John Clay

The John Calipari-Mike Krzyzewski rivalry goes beyond Marques Bolden

Tom Izzo, left, Mike Krzyzewski, John Calipari and Bo Ryan greet each other at the 2015 Final Four in Indianapolis.
Tom Izzo, left, Mike Krzyzewski, John Calipari and Bo Ryan greet each other at the 2015 Final Four in Indianapolis. AP

It popped up again this past week. Duke vs. Kentucky. Or is it Kentucky vs. Duke? Doesn’t matter, although specifically the college basketball rivalry has morphed into the coaches as combatants. That being the case, John Calipari is not one to let sleeping dogs lie.

Marques Bolden, are you listening?

To say the competition between the Blue Devils and Cats is for the services of the 6-foot-11 center out of DeSoto, Texas — unsigned and uncommitted with UK and Duke his final two choices — would be missing the big picture. Bolden is merely the latest point of contention, a highly ranked prospect both programs would love to wear their particular shade of blue.

Anyway, back to the events of the past week when Hamidou Diallo, a highly regarded Class of 2017 prospect, told the Courier-Journal he had received offers from Duke and Kentucky, albeit with different approaches. Duke tried to sell Diallo on the set-for-life angle. Kentucky tried to sell Diallo on the path-to-the-NBA angle.

Shortly thereafter, Calipari used his website to post a story in which he called the set-for-life pitch “preposterous” and that he would never do such a thing, that he wants to provide the tools (rods) for players to provide themselves (fish) without relying on entitlements.
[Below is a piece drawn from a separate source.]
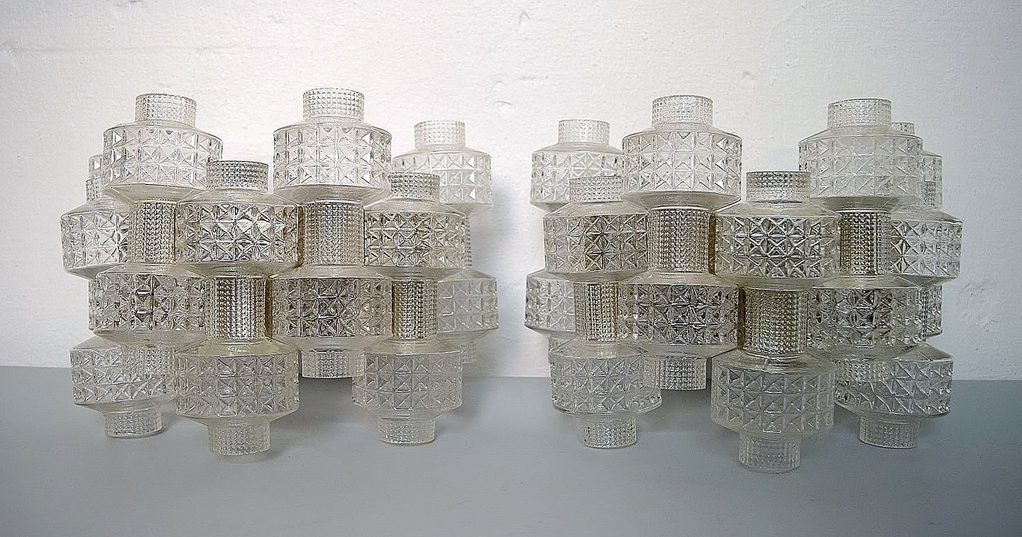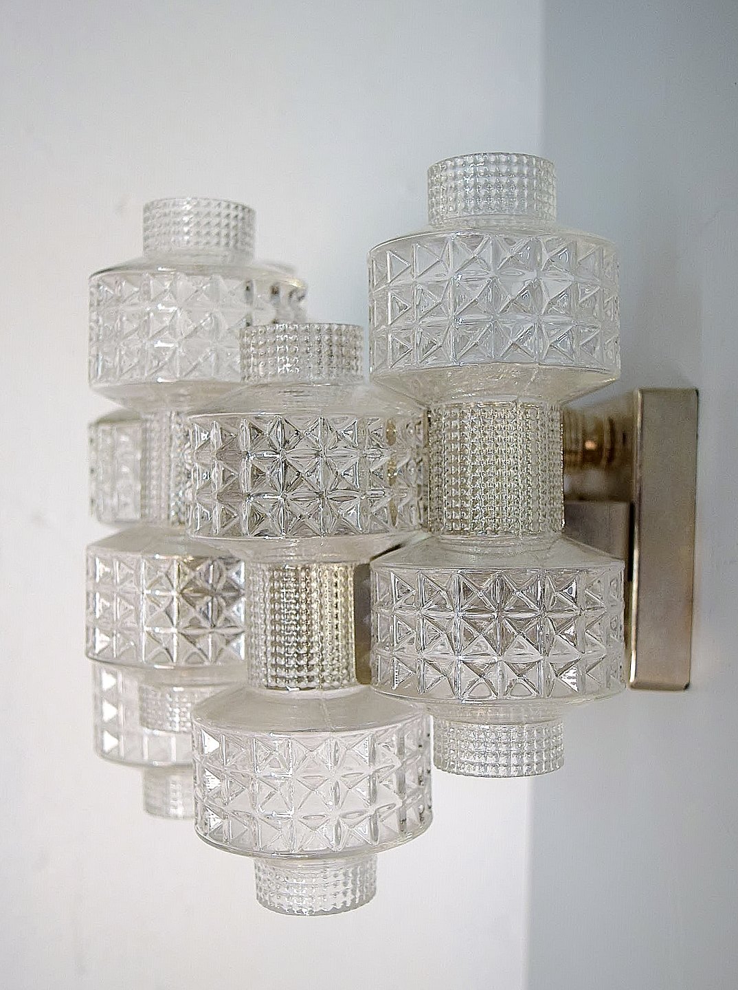 Swedish designer: A pair of wall lamps with glass screens. In perfect condition. Measures: 30 cm. x 22.5 cm. For 3 light bulbs.

At a press conference on Wednesday, Calipari denied he was talking about a person or a program. It was all just a coincidence. He also teased he doesn’t like to spend time with the local media. That’s a shame. If he did, he’d realize we’re not that gullible.

To be honest, the first inkling of a Coach Cal vs. Coach K thing started two years ago. Mike Krzyzewski was and is the head coach of USA Basketball. Syracuse’s Jim Boeheim was one of the assistants and told the press that John Calipari had complained to him that Coach K’s position gave the Duke coach a major recruiting advantage. Boeheim disagreed.

Calipari quickly claimed it was all a misunderstanding, though it’s difficult to see any reason why Boeheim would lie. Calipari tweeted, “If — and I emphasize if — they gained any advantage because of that work, I don’t begrudge them in the least.”

This is far from the first time Calipari has ruffled coaching feathers. He’s feuded with John Chaney, Bruce Pearl, Jim Calhoun and, of course, Rick Pitino, to name a few. It might be stretching it to say Calipari is feuding with Coach K, but there’s certainly a rivalry here.

And surely the whole one-and-done thing gets under the Kentucky coach’s skin. When Calipari started openly courting players who would only stay a year or two in the college ranks before heading on to the NBA, it was seen as a bad thing. When Coach K climbed on the one-and-done train — Kyrie Irving in 2011; Austin Rivers in 2012; Jabari Parker in 2014; Jahlil Okafor, Justise Winslow and Tyus Jones in 2015 — Duke was complimented for adapting to the times.

Either way, both legendary programs and Hall of Fame coaches are after the same thing: wins, titles and the talent necessary to get that done.

Wednesday, Calipari knew exactly what he was saying and to whom he was saying it. He said he’d be happy for a talented young basketball player to show up in September and join the team. He said Kentucky wasn’t for everyone and you needed to be certain this was the place you wanted to play college basketball. He said it’s not “for funzies” at UK. He didn’t come right out and dare Bolden to be a Wildcat, but you got the message.

Thing is, the program that doesn’t bag Bolden will still be OK. Depending on your particular scouting service of choice, Kentucky has the No. 1-ranked freshman class for next season with Duke No. 2, or vice versa. Most of the preseason prognosticators for next season have Duke ranked No. 1 and Kentucky No. 2, or vice versa.

When it’s that close, however, each side is looking for an edge on the other, or to make sure the other doesn’t get an edge. That’s what this past week was all about. That and Marques Bolden.